WHAT THE TASK REQUIRES >> With the images removed, repeat the data below exactly.

DATASET EXTRACT >>

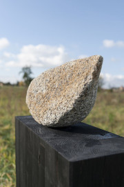 Im Gestein hat sich der gesamte Kosmos abgebildet und führt uns unmittelbar in den Ursprung unseres Sonnensystems, der Sternenentwicklung vor 5 Milliarden Jahren. Diese Skulptur ist ein Segment aus dem Planeten Erde. Die in die Höhe gereckte Spitze weist auf den Kosmos. Der Bogen, auf dem die Form aufliegt, ist gleichbedeutend mit dem Horizontbogen der Erde in der Umkehrung von „Unten und Oben“.
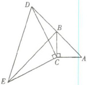 25. 如图,在$\triangle ABC$中,$∠ACB= 90^{\circ }$,$AC= BC$,延长$AB至点D$,使$DB= AB$,连接$CD$,以$CD为直角边作等腰直角三角形CDE$,其中$∠DCE= 90^{\circ }$,连接$BE$。
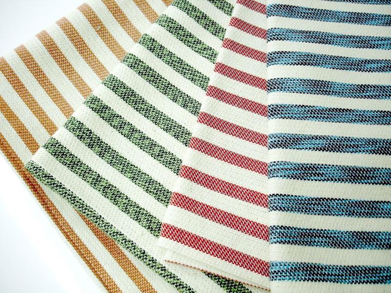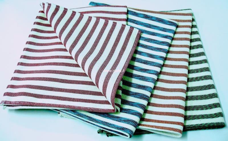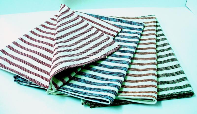 Strofinacci in puro cotone, tessuto operato eseguito a due colori con delle strisce di cm 1. Lo strofinaccio è orlato mentre le sue dimensioni sono di cm 50 x 70.

EXERCISE RESPONSE >>
 Im Gestein hat sich der gesamte Kosmos abgebildet und führt uns unmittelbar in den Ursprung unseres Sonnensystems, der Sternenentwicklung vor 5 Milliarden Jahren. Diese Skulptur ist ein Segment aus dem Planeten Erde. Die in die Höhe gereckte Spitze weist auf den Kosmos. Der Bogen, auf dem die Form aufliegt, ist gleichbedeutend mit dem Horizontbogen der Erde in der Umkehrung von „Unten und Oben“.
 25. 如图,在$\triangle ABC$中,$∠ACB= 90^{\circ }$,$AC= BC$,延长$AB至点D$,使$DB= AB$,连接$CD$,以$CD为直角边作等腰直角三角形CDE$,其中$∠DCE= 90^{\circ }$,连接$BE$。
 Strofinacci in puro cotone, tessuto operato eseguito a due colori con delle strisce di cm 1. Lo strofinaccio è orlato mentre le sue dimensioni sono di cm 50 x 70.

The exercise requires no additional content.